Start of Given data
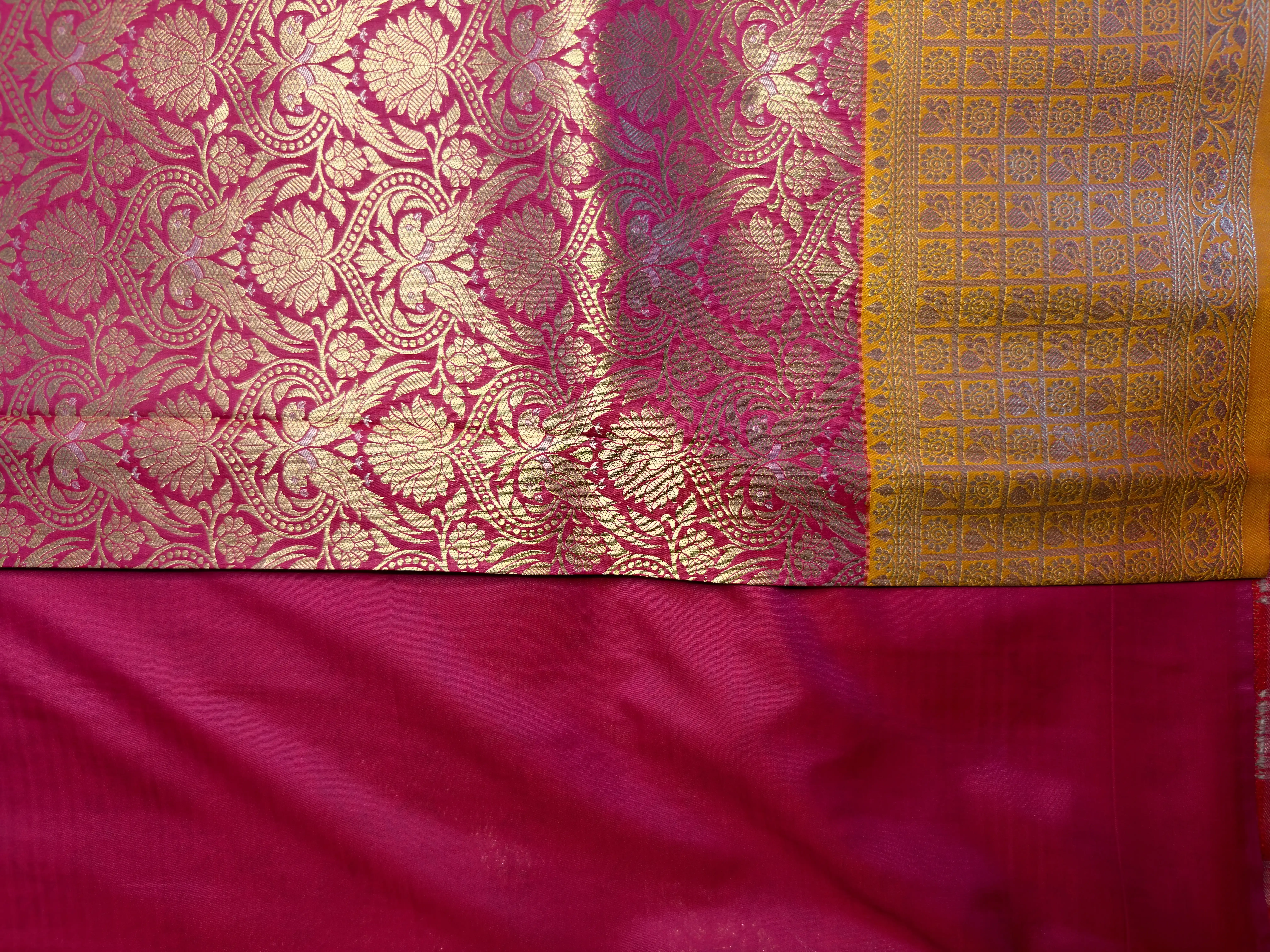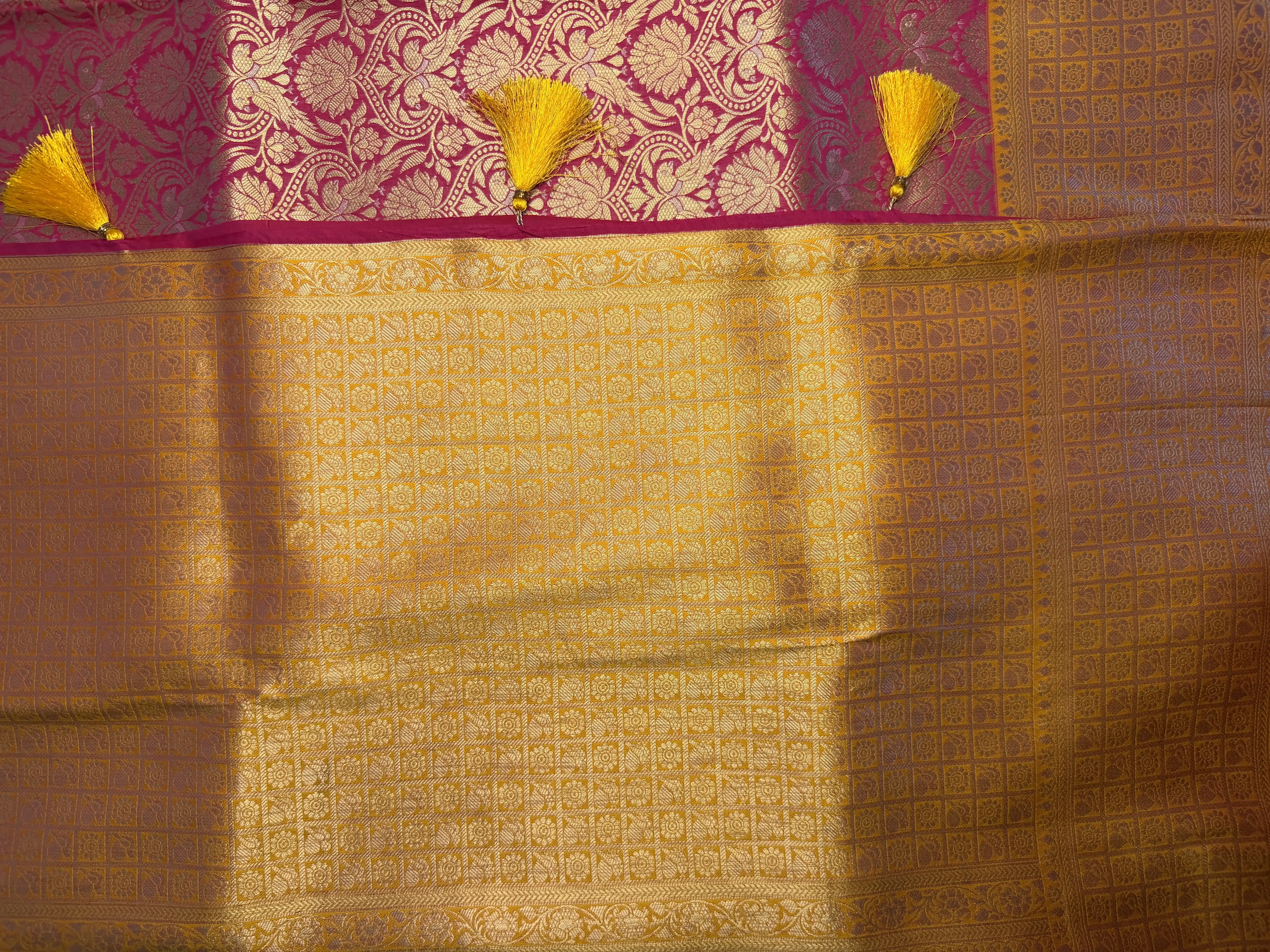 This red Benaras semi silk saree, accented with a bright yellow border, exudes festive elegance and timeless beauty—perfect for making a graceful statement at any celebration. ❤️💛
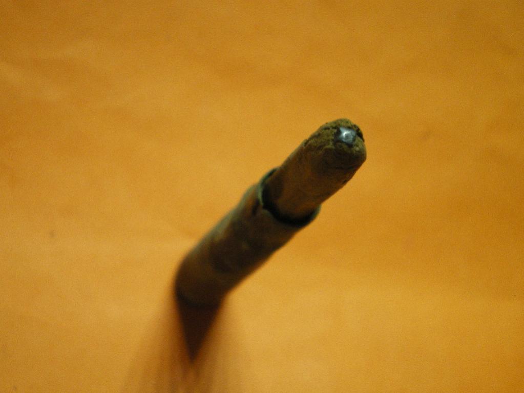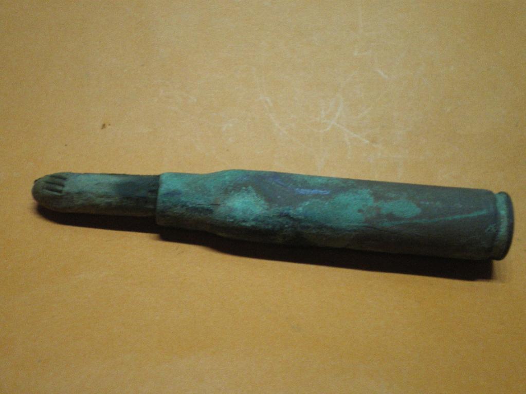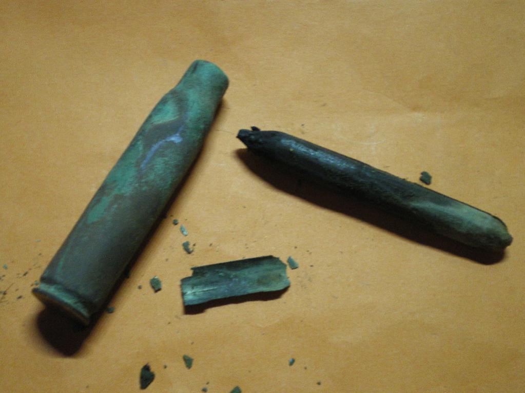 heute gefunden...ich dachte erst an eine Manöverpatrone mit Holzgeschoss,aber daheim hat es sich als Schreibgerät rausgestellt....Witzige Bastelei,oder üblicher Gebrauchsgegenstand?.... ist sogar ein kleiner,halbrunder Blechstreifen vorhanden,der die Differenz zwischen Hülse und Bleistift ausgleichen soll,und gleichzeitig den Stift hält,wenn er durch das Anspitzen kürzer wird,und demzufolge in der Hülse verschwinden würde.
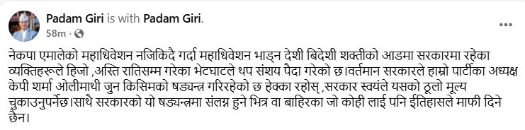आज फेसबुकमा स्टाटस लेख्दै पूर्वमन्त्री गिरीले पार्टी अध्यक्ष केपी शर्मा ओलीमाथि नै षड्यन्त्र भइरहेको उल्लेख गरेका छन् ।
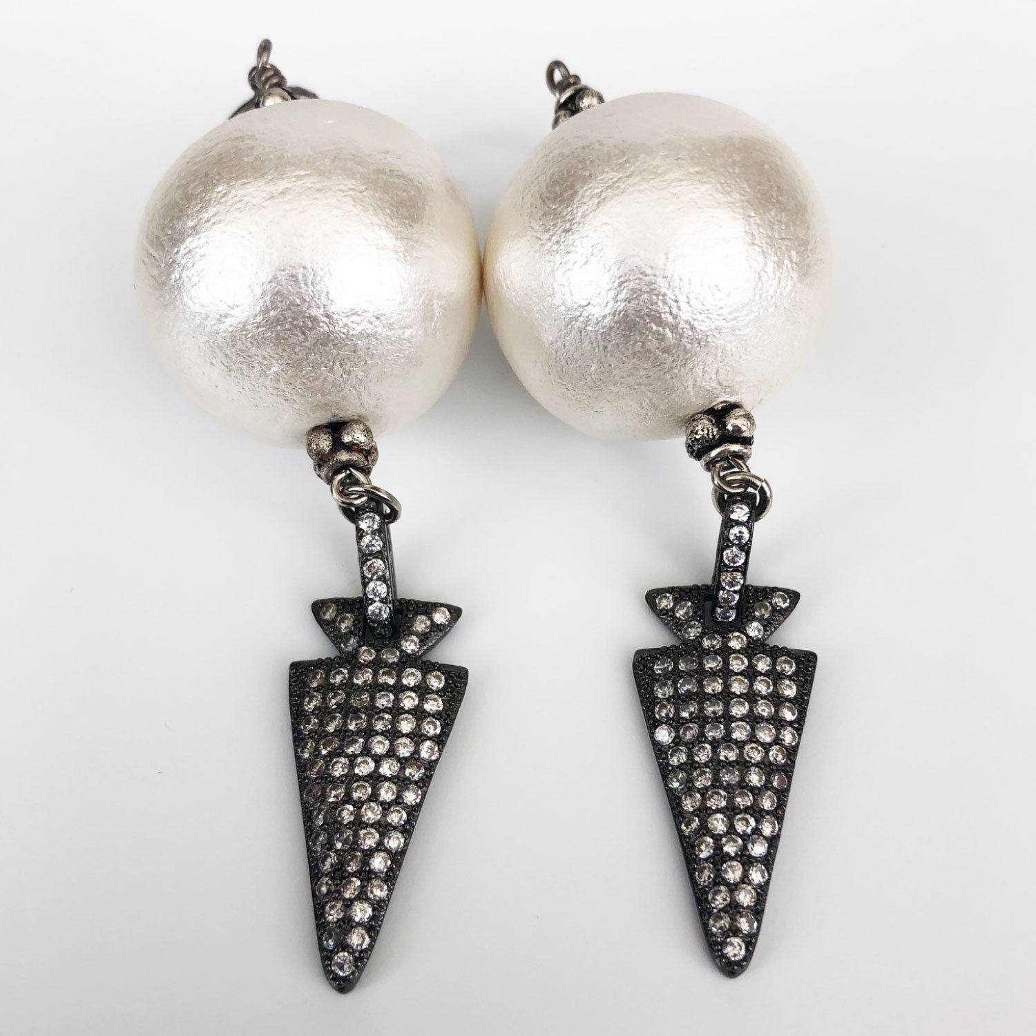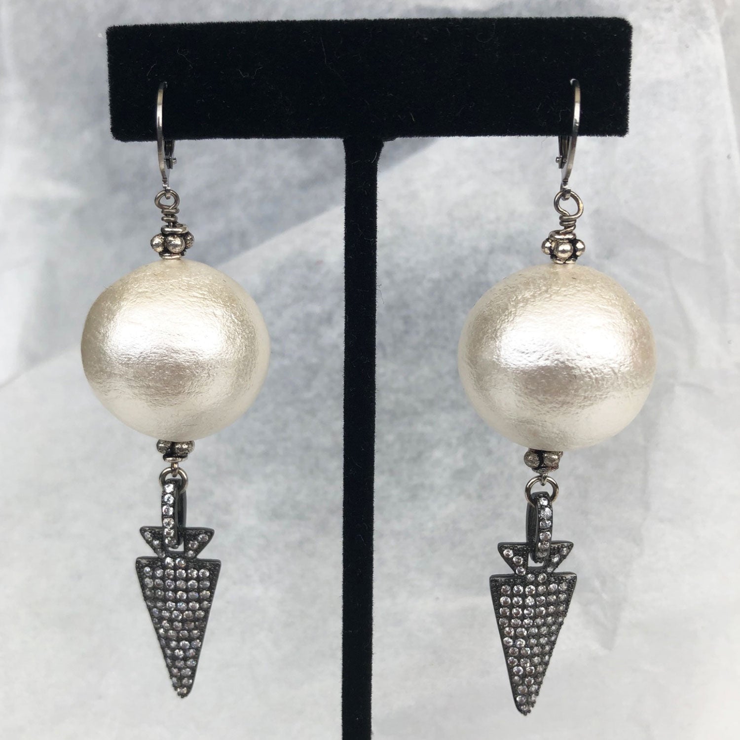 Large Cotton Pearl with CZ arrow dangle. Lever back closure.
End of Given data
**Exercise**. Leave out the pictures and restate, word for word, the lines from the top of the data through the line containing "आज फेसबुकमा स्टाटस", both included.

**Response for this exercise**.
 This red Benaras semi silk saree, accented with a bright yellow border, exudes festive elegance and timeless beauty—perfect for making a graceful statement at any celebration. ❤️💛
 heute gefunden...ich dachte erst an eine Manöverpatrone mit Holzgeschoss,aber daheim hat es sich als Schreibgerät rausgestellt....Witzige Bastelei,oder üblicher Gebrauchsgegenstand?.... ist sogar ein kleiner,halbrunder Blechstreifen vorhanden,der die Differenz zwischen Hülse und Bleistift ausgleichen soll,und gleichzeitig den Stift hält,wenn er durch das Anspitzen kürzer wird,und demzufolge in der Hülse verschwinden würde.
आज फेसबुकमा स्टाटस लेख्दै पूर्वमन्त्री गिरीले पार्टी अध्यक्ष केपी शर्मा ओलीमाथि नै षड्यन्त्र भइरहेको उल्लेख गरेका छन् ।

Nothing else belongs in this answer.